### EXERCISE OBJECTIVE
Exactly the lines from the one with "(通讯员:李雨桐、姜立阳�8" through the end of the data below must be set down, and no pictures with them.

### DATA SHOWN

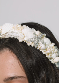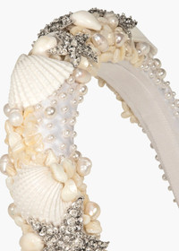 A dramatic seascape, the Stellamaris Headband is an artistic amalgamation of the rich materials in our latest collection, like barnacles adorning sea-sprayed cliffs. With intricate craftsmanship, it incorporates genuine seashells, mother of pearl, cultured pearls, and sparkling starfish applique, taking three individual artisans over fourteen hours to produce. The embellishment sits on a silk charmeuse padded headband. Width: 1.5 inch Height: 1 1/8 inch Material The Stellamaris Headband is made in India of fine Indian sea-scape motif embroidery on a silk satin covered base. We recommend treating this headband as you would a piece of jewelry, and storing in the dust bag when not in use. Avoid contact with water, perfume, and other chemicals, including hairspray, which should be used before placement in the hair. Imported.
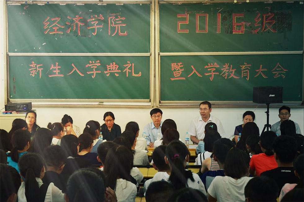 (通讯员:李雨桐、姜立阳�8�29日下�14:30,经济学�2016级新生开学典礼暨入学教育大会于圣井校区敏行楼B5-201教室隆重举行。经济学院院长董长瑞、党委书记吴红文、副院长王传荣、副书记任海伦、仵颖涛,教师代表于凤芹、院团委辅导员出席会议�2016级全体新生�场参加,会议由任海伦主持�
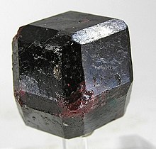- zwei einander gegenüberliegende Kanten, die an keine besetzte Gitterposition angrenzen mit Längen zwischen 0,274 nm (Almandin, Andradit) und 0,276 nm (Goldmanit)
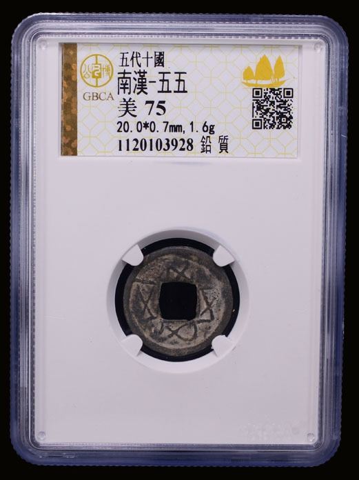 SOUTHERN HAN: Anonymous, 900-971, lead cash (1.6g), H-15.154, wu wu wu wu, graded 75 by GBCA Grading Company, F-VF, ex Dr. Dirk Löer Collection. These were part of a series of crude lead cash coins attributed to the Southern Han / Chu area cast circa 900-971 based on Tang Dynasty inscriptions. There is a very great variety of such coins; some have crescents on the reverse, others a variety of characters. The 'kai' character sometimes looks like the character 'yong.' The characters and legends often are reversed because the incompetent workmen had not mastered the art of engraving in negative to make the molds. Some specimens have meaningless characters.

### OUTPUT
 (通讯员:李雨桐、姜立阳�8�29日下�14:30,经济学�2016级新生开学典礼暨入学教育大会于圣井校区敏行楼B5-201教室隆重举行。经济学院院长董长瑞、党委书记吴红文、副院长王传荣、副书记任海伦、仵颖涛,教师代表于凤芹、院团委辅导员出席会议�2016级全体新生�场参加,会议由任海伦主持�
- zwei einander gegenüberliegende Kanten, die an keine besetzte Gitterposition angrenzen mit Längen zwischen 0,274 nm (Almandin, Andradit) und 0,276 nm (Goldmanit)
 SOUTHERN HAN: Anonymous, 900-971, lead cash (1.6g), H-15.154, wu wu wu wu, graded 75 by GBCA Grading Company, F-VF, ex Dr. Dirk Löer Collection. These were part of a series of crude lead cash coins attributed to the Southern Han / Chu area cast circa 900-971 based on Tang Dynasty inscriptions. There is a very great variety of such coins; some have crescents on the reverse, others a variety of characters. The 'kai' character sometimes looks like the character 'yong.' The characters and legends often are reversed because the incompetent workmen had not mastered the art of engraving in negative to make the molds. Some specimens have meaningless characters.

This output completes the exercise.